Por Gladys Molano Beltrán.
Nací en Bogotá, mi madre se llamaba Laika; cuando ya habíamos cumplido la mayoría de edad, los amos de ella decidieron que no podían mantener tantos cachorros y comenzaron a ofrecernos a sus familiares, vecinos y amigos. Yo quería ir a vivir en una casa donde pudiese acompañar y mejorar el estado de ánimo de una familia, finalmente Gloria, la nuera de nuestra ama, entendió mi mensaje y es así como me llevó a casa de sus abuelos.
Realizaron los preparativos para presentarme en las mejores condiciones: baño, secado, aplicación de perfume para hombre y carné de vacunas. Alistaron una cobija y una pelota para jugar, nos subimos a una buseta de servicio público, tenía un letrero, calle 80. Realizamos el recorrido, cuando llegamos a dicha calle, nos
bajamos; desde este paradero, caminamos tres cuadras, llegamos al frente de una casa que tenía una puerta de madera, golpeamos y nos abrieron, pasamos al segundo piso y fui entregado en manos del abuelito. Yo estaba muy feliz, movía mi colita en señal de agradecimiento, y de repente el abuelito me mandó rodando por el piso, emití un chillido, él dijo:
─Fuera de aquí.
Quedé temblando, no sabía qué hacer; inmediatamente Gloria me alzó consolándome. Nos retiramos de ese lugar y me presentó ante los otros integrantes de mi nueva familia. Sentí gran acogida por parte de ellos, eligieron un nombre para mí, “Puchis”, y comencé mi vida en este lugar.

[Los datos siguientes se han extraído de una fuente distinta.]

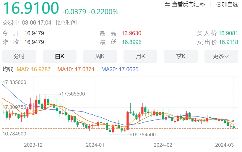 美元/墨西哥比索因风险偏好跌至16.90附近

Con el tiempo fui ganando el afecto del abuelito, regularmente quedábamos solos de lunes a viernes, me fui convirtiendo en su compañía, jugábamos con la pelota, él la lanzaba al piso, yo la recogía y se la entregaba en sus manos. Teníamos como rutina asomarnos a la ventana para ver pasar los aviones, me decía:
─Ven, súbete a mis piernas.
Yo acudía a su llamado inmediatamente.
Un día fue de visita una de las nietas y nos sorprendió hablando. Como él abuelito solo hablaba conmigo, entonces refunfuñó y le dijo:
─Ahora cuéntele a todo el mundo que yo hablo con el perro.
Ella respondió:
─Así lo voy a hacer.
Transcurridos algunos años, el abuelito falleció. A pesar de mi tristeza pensé “He cumplido con mi tarea de acompañamiento, la cual le dio una oportunidad para poder jugar, y demostrar sus habilidades físicas pasando ratos divertidos ayudándolo a superar su depresión y dándole la oportunidad para hablar, ya que, por la trombosis, había perdido el lenguaje”.

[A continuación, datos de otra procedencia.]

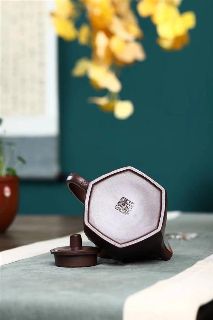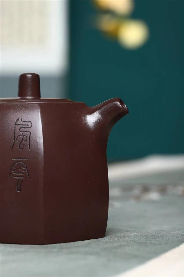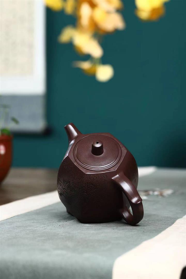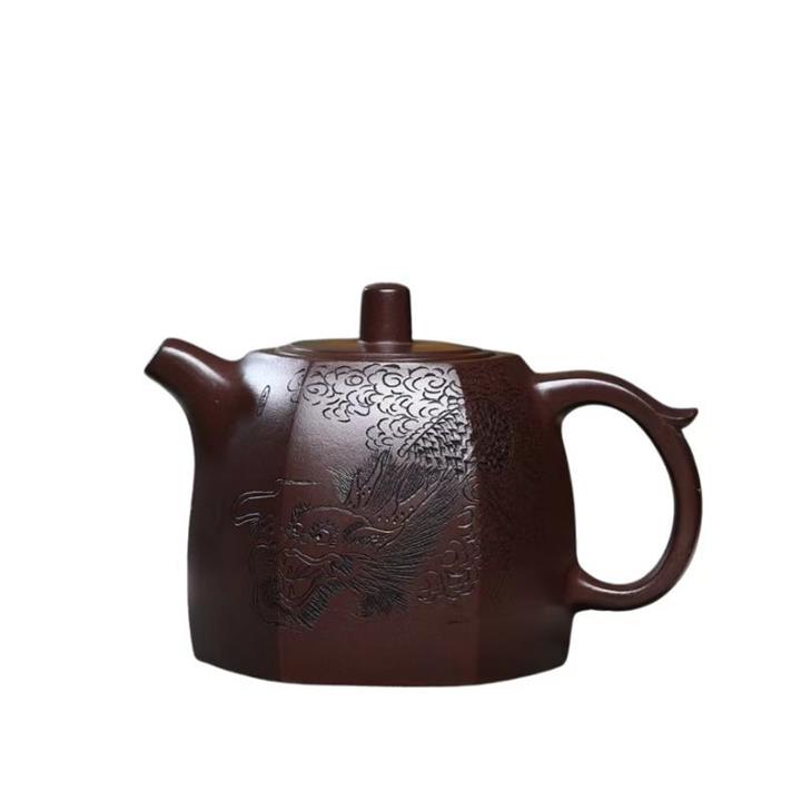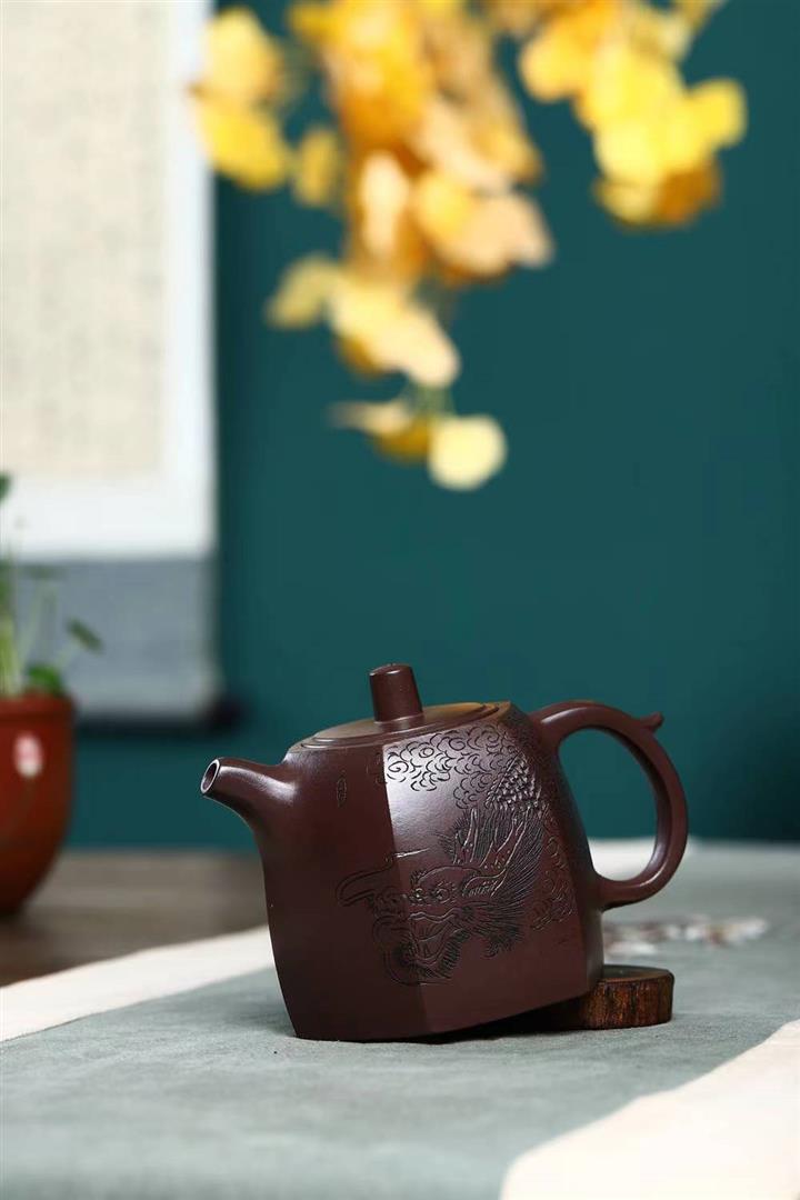 原礦老紫泥刻繪六方龍紋井欄壺POT4295

Continuando con mi misión, el domingo cambiaba de actividad, salía a correr desde la casa hasta el Parque del Salitre, con Luis, el hijo mayor del abuelito; el primer día me dio instrucciones sobre el cuidado que debía tener cuando se terminaba una cuadra y no fuera atropellado por un carro, ingresábamos al parque e inmediatamente nos dirigíamos a un lago donde me pegaba un chapuzón para refrescarme, pues llegaba muy sudado, le dábamos dos vueltas al parque y regresábamos a casa.

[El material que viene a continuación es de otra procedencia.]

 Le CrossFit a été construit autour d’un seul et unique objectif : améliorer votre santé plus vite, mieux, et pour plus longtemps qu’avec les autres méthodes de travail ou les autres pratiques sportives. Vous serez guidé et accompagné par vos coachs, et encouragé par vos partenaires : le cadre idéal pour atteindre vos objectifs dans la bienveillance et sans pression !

Esta rutina la tuvimos hasta entrada mi edad adulta, no contaba con la misma energía y me convertí en su acompañante para realizar los mandados cerca a la casa. Un día como de costumbre salimos, pero en esta oportunidad nos acompañó una de la hijas de Luis a quien no le agrada mucho. Pasando una cuadra, no miré para lado y lado, entonces venía un carro a toda velocidad y me alcanzó a pegar con sus llantas traseras; afortunadamente solo me causo unas raspaduras, la hija me tomó en sus brazos y me llevó a casa y me prestó los
primeros auxilios. Su actuación me permitió entender que aunque no le agradaban los perros era muy humana y siempre quedé muy agradecido.
Prosiguiendo con mi tarea en esta familia, la esposa de Luis se enfermó, como ya no tenía salidas frecuentes me dediqué a realizar el acompañamiento, todos los días después de mis meriendas me ubicaba al lado de su cama mitigando así su soledad y de alguna forma mejorar su estado de ánimo.
Después de algunos meses de realizar esta actividad la señora falleció, se la llevaron y entré en una gran depresión. Me subía a la cama de ella y aullaba hasta el cansancio, luego me iba a llorar al patio donde tenía mi cama.
Nos quedamos Luis y yo solos, ya no podía subir y bajar escaleras sin tropezarme, además de mis fuerzas disminuidas, perdí los sentidos de la vista, el tacto, el olfato y el oído.
Al final de mis años recibí, de parte de Luis y sus hijos, afecto, caricias, mimos y atención especial, como reconocimiento a mi misión cumplida.